Every line below from the one containing "将图4保存下载,用作场景图。" through the one containing "察尔汗盐湖是亚洲第一,世界第" is to be printed exactly, with the pictures omitted.

◆ **Information given**:
====================
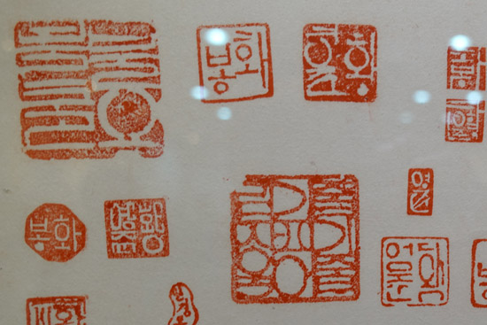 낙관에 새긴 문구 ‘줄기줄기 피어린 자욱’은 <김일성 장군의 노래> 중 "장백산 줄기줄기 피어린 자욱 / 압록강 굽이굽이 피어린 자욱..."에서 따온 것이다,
====================
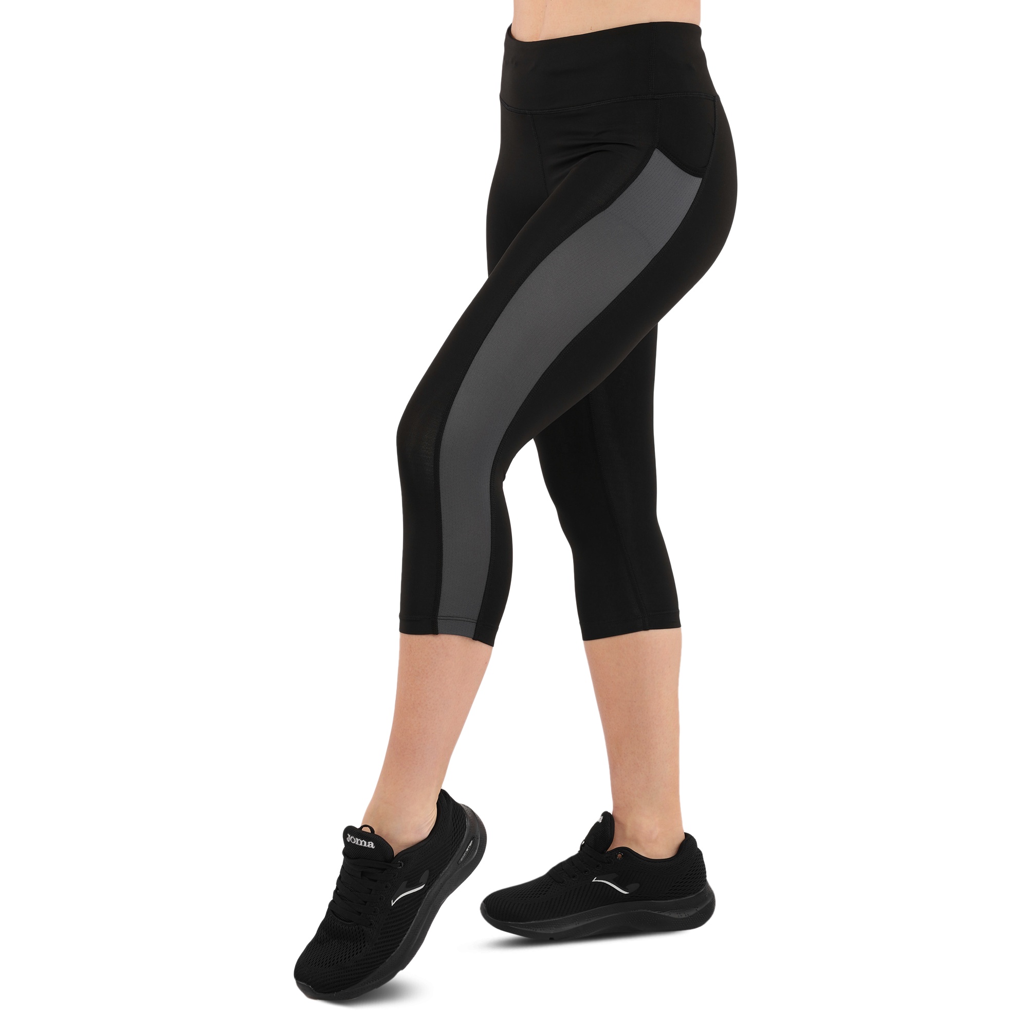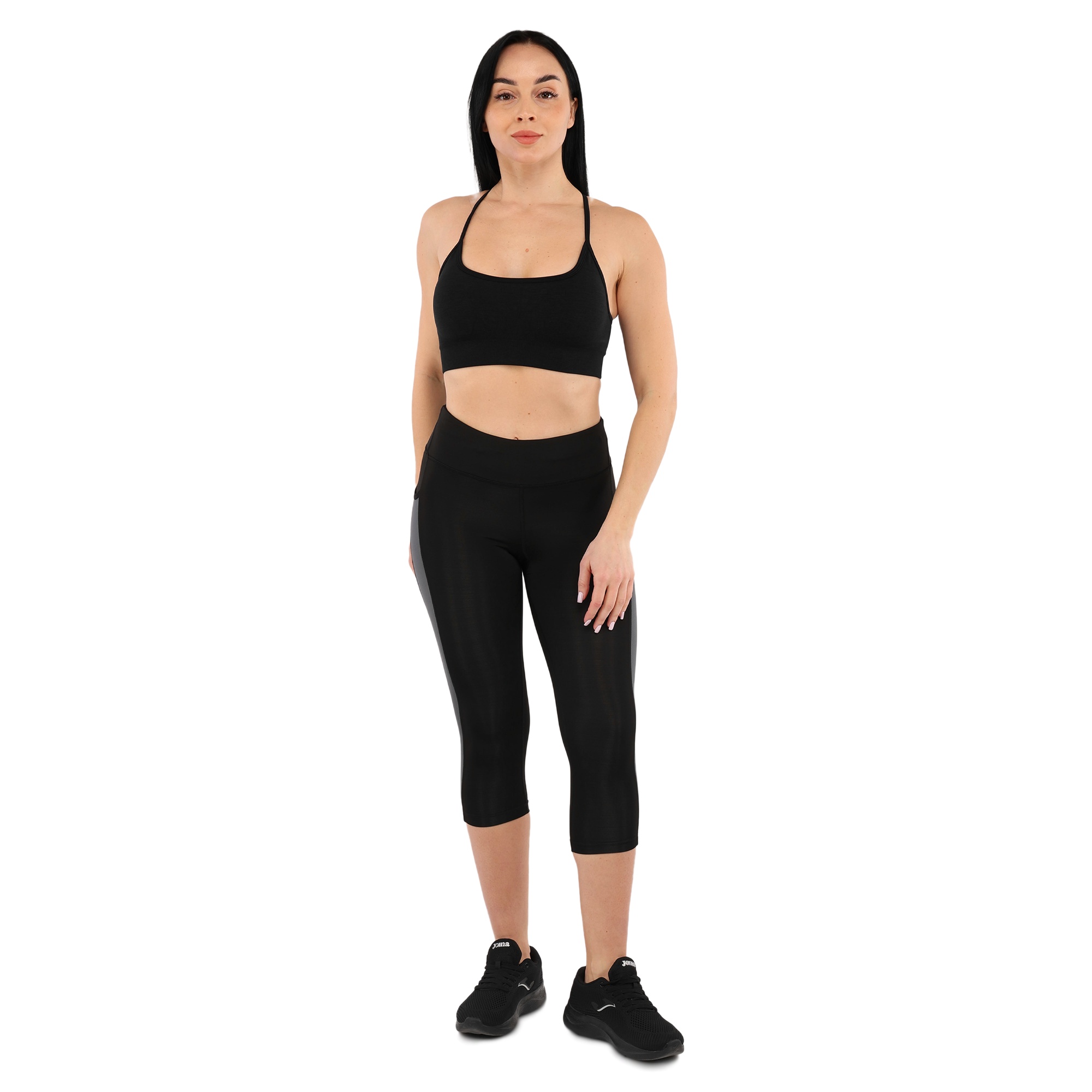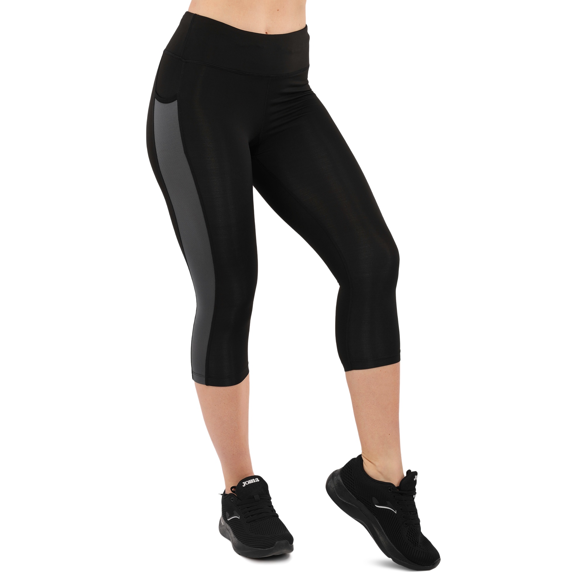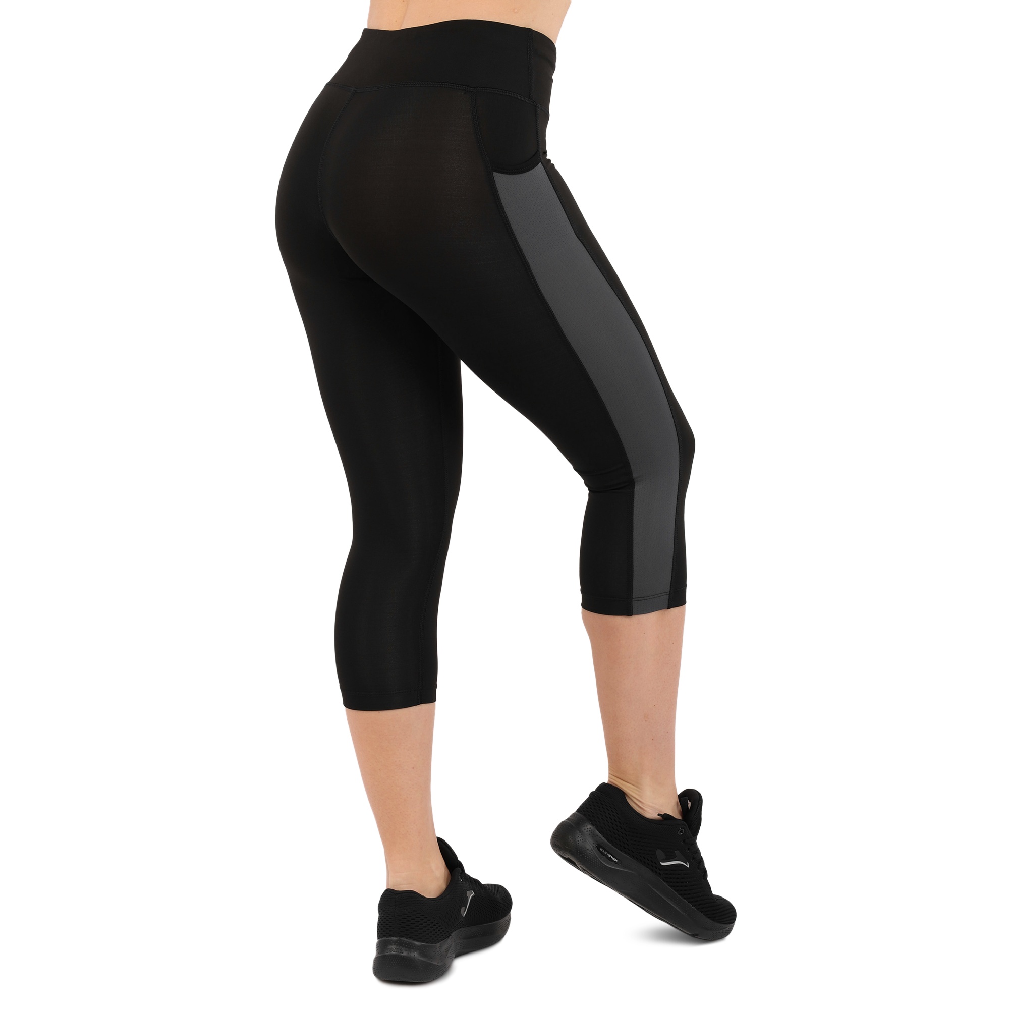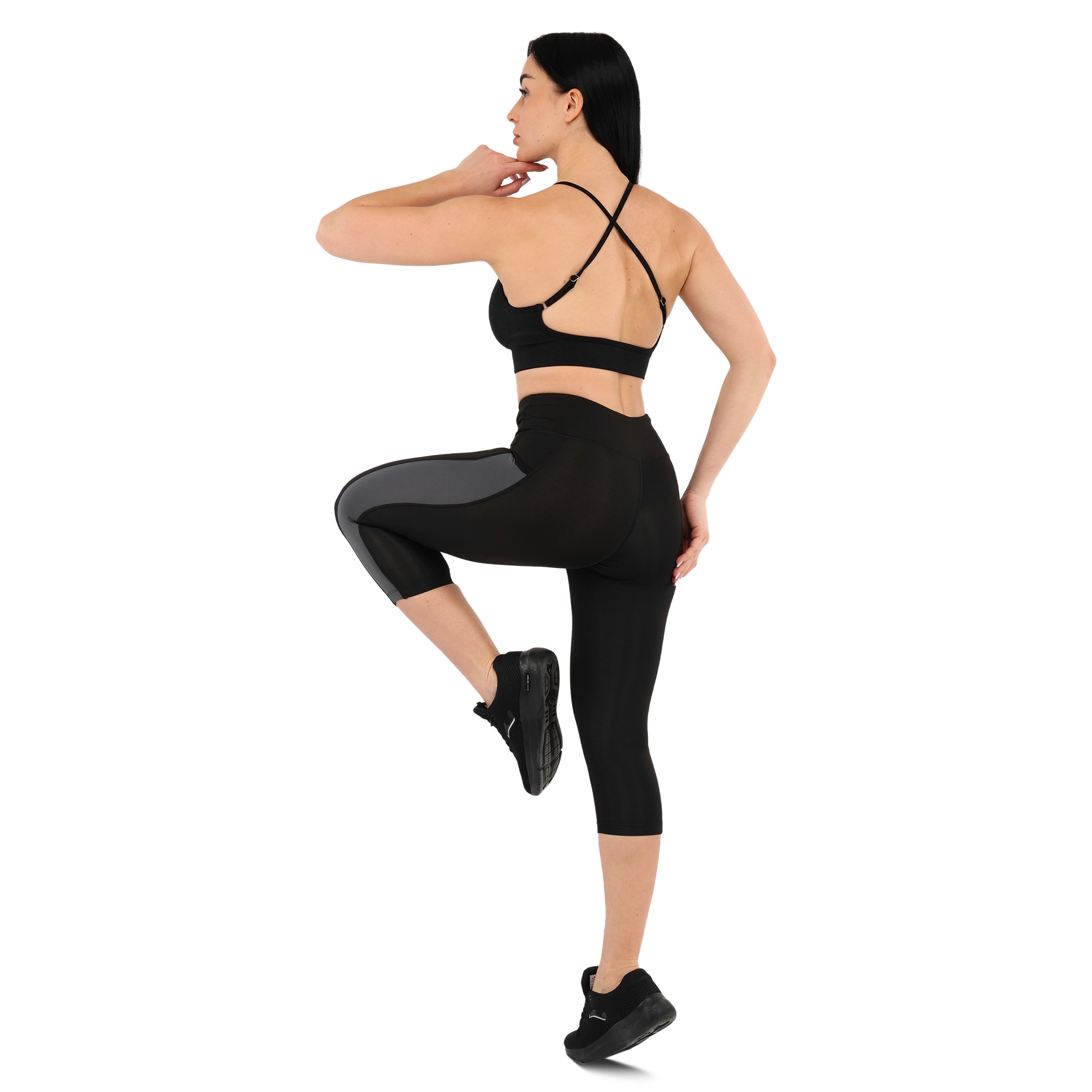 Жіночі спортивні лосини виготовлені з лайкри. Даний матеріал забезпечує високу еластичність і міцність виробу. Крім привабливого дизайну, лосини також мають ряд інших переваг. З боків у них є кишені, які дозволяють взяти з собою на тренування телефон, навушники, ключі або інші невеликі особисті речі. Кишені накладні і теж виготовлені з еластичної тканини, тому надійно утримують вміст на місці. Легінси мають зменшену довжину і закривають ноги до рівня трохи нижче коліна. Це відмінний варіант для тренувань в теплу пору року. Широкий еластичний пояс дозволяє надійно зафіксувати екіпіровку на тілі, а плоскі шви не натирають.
====================
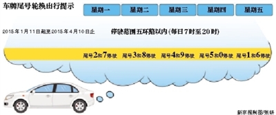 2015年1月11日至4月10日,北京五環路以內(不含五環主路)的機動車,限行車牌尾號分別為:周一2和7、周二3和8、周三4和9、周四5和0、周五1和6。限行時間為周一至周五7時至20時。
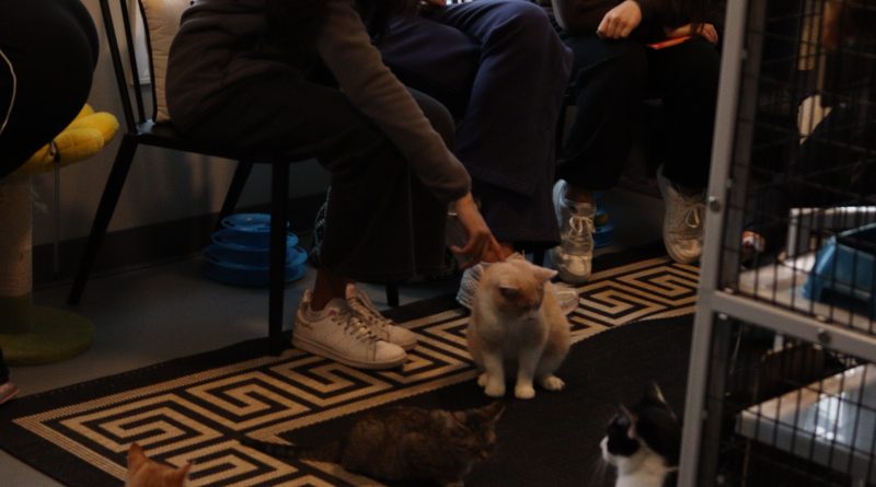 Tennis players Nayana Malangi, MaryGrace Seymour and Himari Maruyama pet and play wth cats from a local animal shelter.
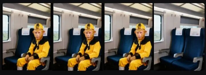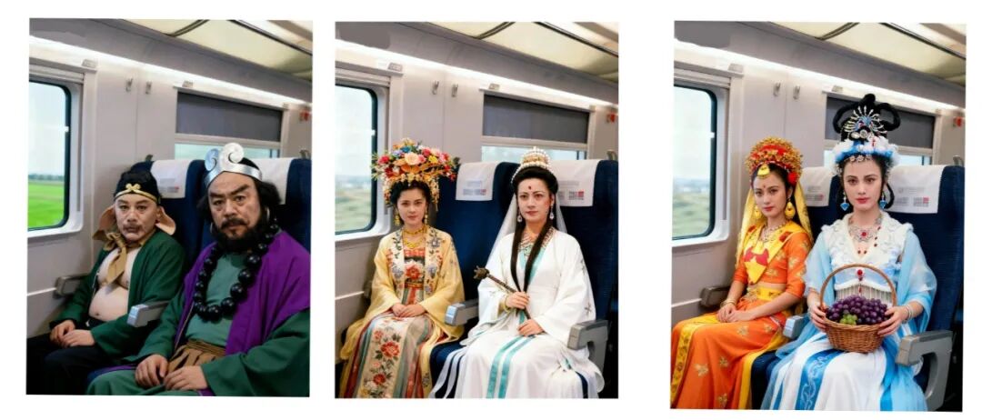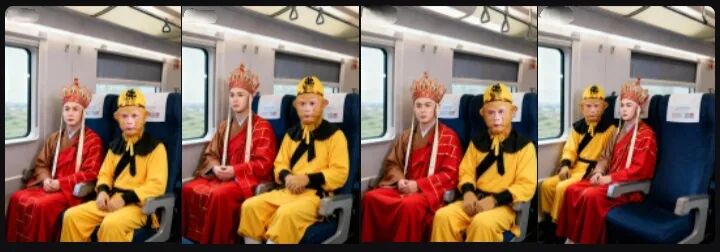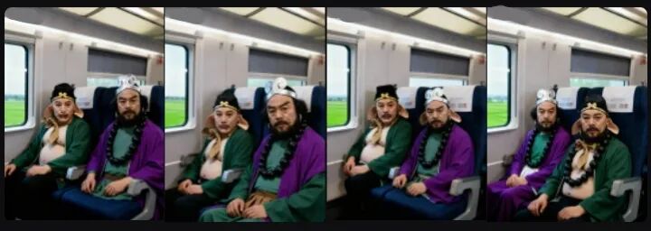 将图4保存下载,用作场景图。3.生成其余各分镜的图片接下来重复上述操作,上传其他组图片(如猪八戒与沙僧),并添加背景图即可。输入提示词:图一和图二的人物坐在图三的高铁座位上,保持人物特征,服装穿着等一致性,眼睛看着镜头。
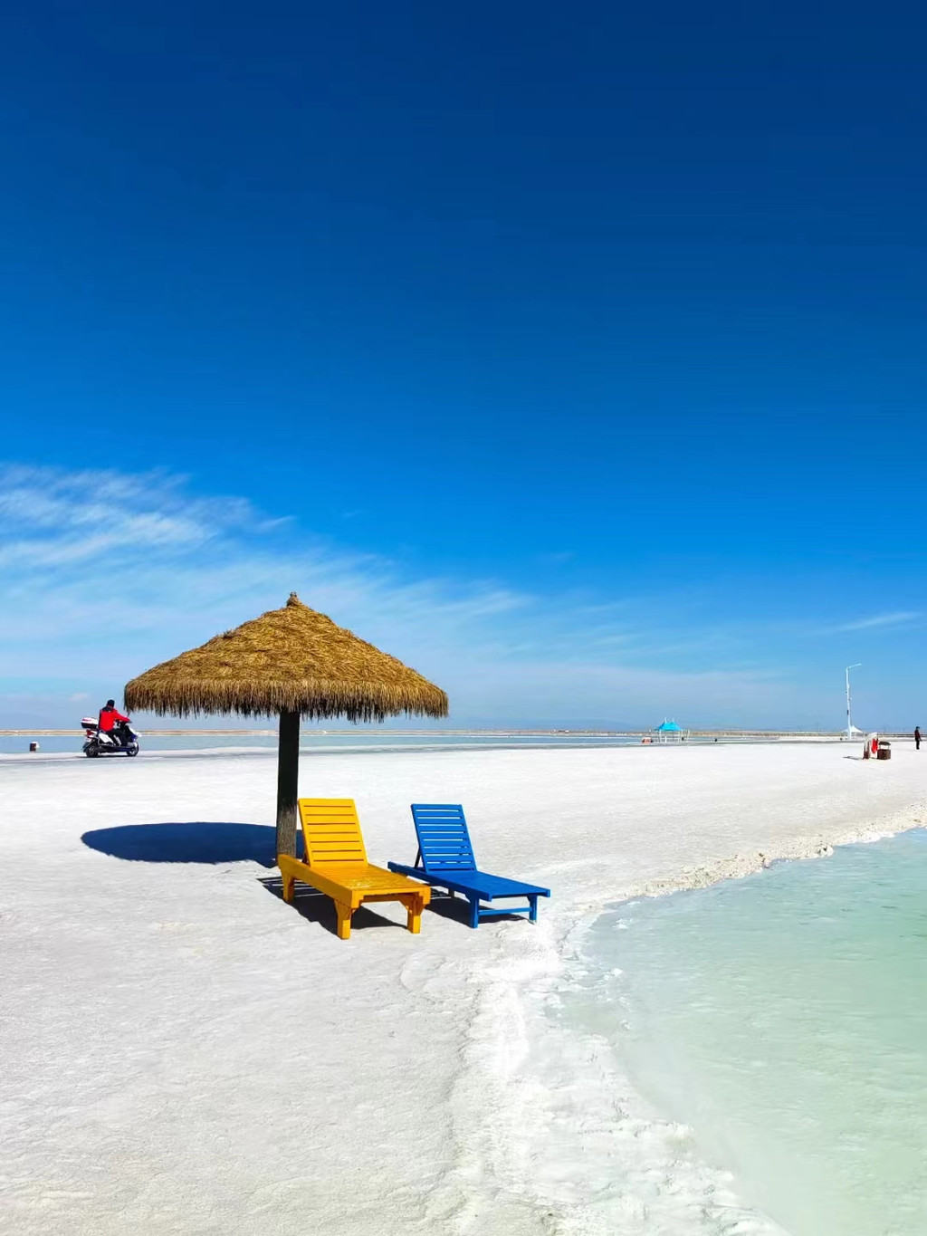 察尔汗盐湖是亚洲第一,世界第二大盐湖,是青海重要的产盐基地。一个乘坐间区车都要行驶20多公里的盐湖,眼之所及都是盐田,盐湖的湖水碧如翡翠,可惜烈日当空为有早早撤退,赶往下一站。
====================
◆ **Exercise result**:
 将图4保存下载,用作场景图。3.生成其余各分镜的图片接下来重复上述操作,上传其他组图片(如猪八戒与沙僧),并添加背景图即可。输入提示词:图一和图二的人物坐在图三的高铁座位上,保持人物特征,服装穿着等一致性,眼睛看着镜头。
 察尔汗盐湖是亚洲第一,世界第二大盐湖,是青海重要的产盐基地。一个乘坐间区车都要行驶20多公里的盐湖,眼之所及都是盐田,盐湖的湖水碧如翡翠,可惜烈日当空为有早早撤退,赶往下一站。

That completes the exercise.